Windhand’s frontwoman Dorthia Cottrell, describes herself as having an insatiable fascination with the macabre and the decrepit. “It’s got to be dark and really heavy,” she says of her musical preferences.

It’s apparent how this fascination informs the subject material as well as the sound of the band: brooding riffs and feedback intermingle with Cottrell’s vocals in an expansive sonic void, conjuring images of a many tentacled Cthulhu or some spectral visitation from the mind of Edgar Allan Poe. 

However, this preoccupation with death also reveals a sadness and vulnerability, “I’m obsessed with death,” says Cottrell. “Anybody who has ever died in my life, it’s been very hard for me to get over. I struggle with the grieving process, so a lot of my lyrics [on Grief’s Infernal Flower] are about that,” she says.

For Grief’s Infernal Flower, the band enlisted the talents of legendary producer Jack Endino who has a long association with the Sub Pop label and the grunge movement. He is most famous for his recordings of Nirvana’s Bleach andSoundgarden’s Screaming Life and has also worked with Green River, Screaming Trees, L7, The Gits and Hole.

Endino encouraged the band to experiment in the studio: “A lot of the harmonies on the record were his suggestion,” says Cottrel. “They aren’t necessarily the harmonies that I would have chosen. I think they were a little grungier, a little reminiscent of Alice In Chains, that was a cool edition to what we were already doing.”

It’s no secret that the metal scene is culturally coded as masculine, and is notoriously dominated by dudes. Indeed, metal exists in our sexist society, so it’s no surprise to find sexism there (or anywhere). Cottrell believes the misogyny she has encountered while fronting a band in a male dominated genre is typical of many women’s experiences in the industry.

“I’ve experienced what any woman playing music experiences, which is showing up to a gig and people thinking that you are the merch girl, or dating somebody in the band,” she explains with exasperation. “It sucks to say it, but it’s par for the course at this point, I hope it changes.”

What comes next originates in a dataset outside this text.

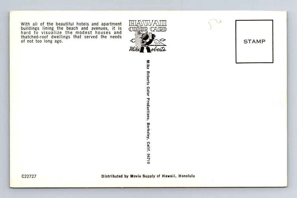 City: Waikiki Original/Licensed Reprint: Original Postage Condition: Unposted Era: Vintage Country/Region of Manufacture: Unknown Subject: Cities & Towns Theme: Cities & Towns Material: Paper Region: Hawaii Size: Standard (5.5 x 3.5 in) Unit of Sale: Single Unit Country: USA Type: Printed (Lithograph)

The heartbeat of the metal community is live performance and Windhand approach their shows with a fervour that borders on the ritualistic. “We go into this meditative zone where we latch onto a riff,” says Cottrell. “We play it over and over again, we’re all just spacing out while it morphs and becomes its own beast.”

Windhand have an intense tour schedule lined up for Australia and New Zealand. “We only get one day off so we’d like to get back to a little Koala sanctuary that we visited last time,” says Cottrell.

They’ll be joined on the road by doom/sludge metal band Cough, a group Windhand have been fans of for some time. “We’ve know those guys for about ten years,” Cottrell says. “We share some members with the band too. We’re all excited to be touring together. To be honest I can’t believe it’s taken this long.”